2nd runner up: a young white guy who bought a few of jesse's polo shirts and some pants. her was wearing a "fear factor live CHAMPION" shirt so i asked him about it. it was really weird because he seemed to just want to get away from me. i was like, "well, youre wearing the shirt, that means you have to tell us the story." the whole time it was pulling teeth to get him to give up the details, and we finally let him go.

i was wondering why someone who was on TV and had won $50,000 would be so reluctant to share the gory details (especially since he was wearing the shirt!). well i looked it up online (like a normal stalker would) and it turns out "fear factor live" is NOT the TV show, it was an attraction at universal studios where normal people could play a version of the tv game.

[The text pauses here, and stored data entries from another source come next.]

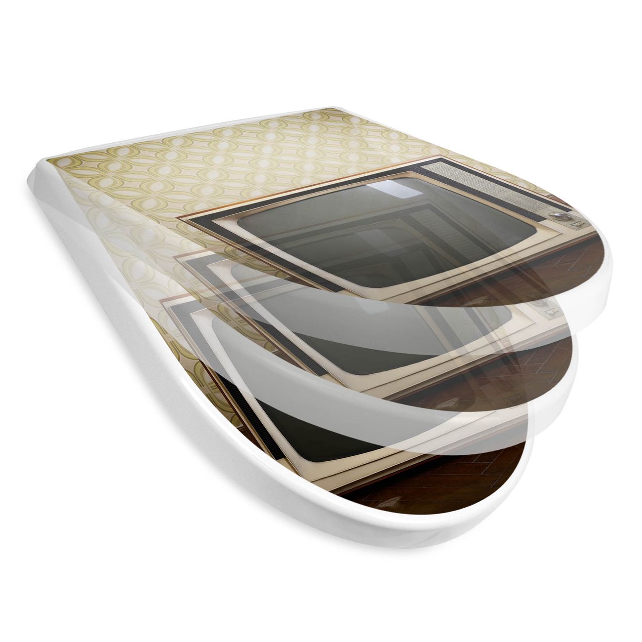 WC Sitz mit Absenkautomatik D Form Motiv Schwarzweiß TV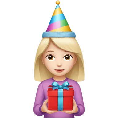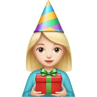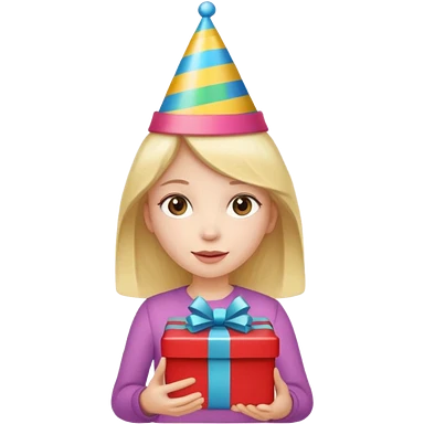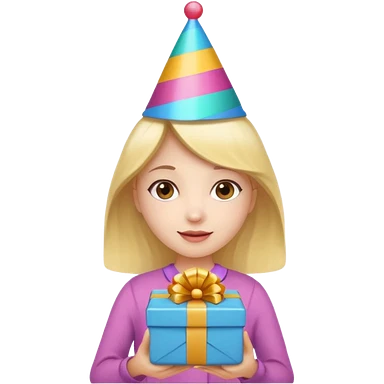 🥳🎀 kafasında tok olan elinde hediye olan bir kız emoji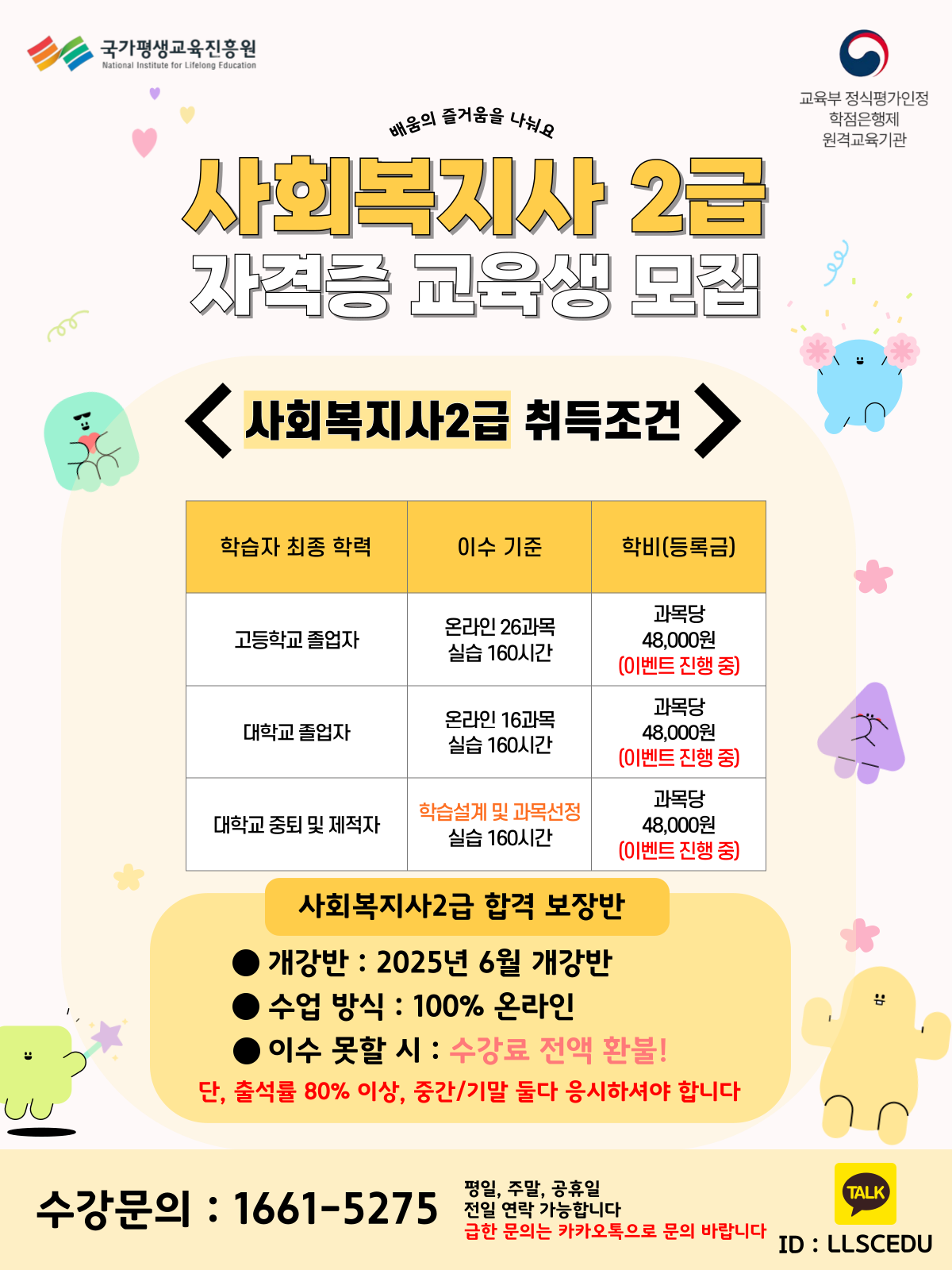 가. 온라인 과목 : 과목당 48,000원(최대 평생교육지원센터 10만 2천원씩 지원)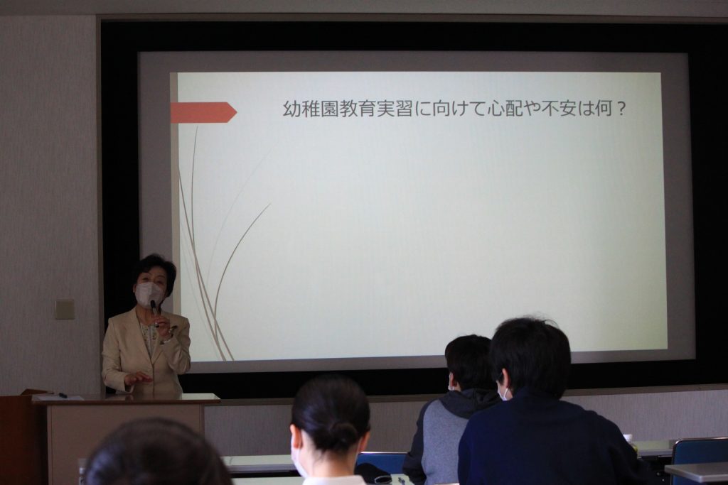 授業を受けて、実習に対してより一層気持ちが高まったのではないでしょうか。まもなく幼稚園教育実習を迎えますが、授業でお話いただいた学びを活かして実りある教育実習にしていただきたいと思います。

this guy went from #1 on the list of interesting yard sale characters to #3. he was going to be #1 because of his being a reality TV winner but now he is just #3 because he totally let us believe he was on the TV version and was really shady about trying to run away while we were talking.

first runner up: this hilarious mother-daughter pair of black women. they were so sweet and great to talk to. but these ladies had me ROLLING. they were looking for baby things for a friend who was expecting and they were pretty much competing with each other and would fight over every thing they found, including one footrace when they spotted the diapers for sale. it was extra funny when the daughter had to beg the mom for some extra cash after being a turd to her.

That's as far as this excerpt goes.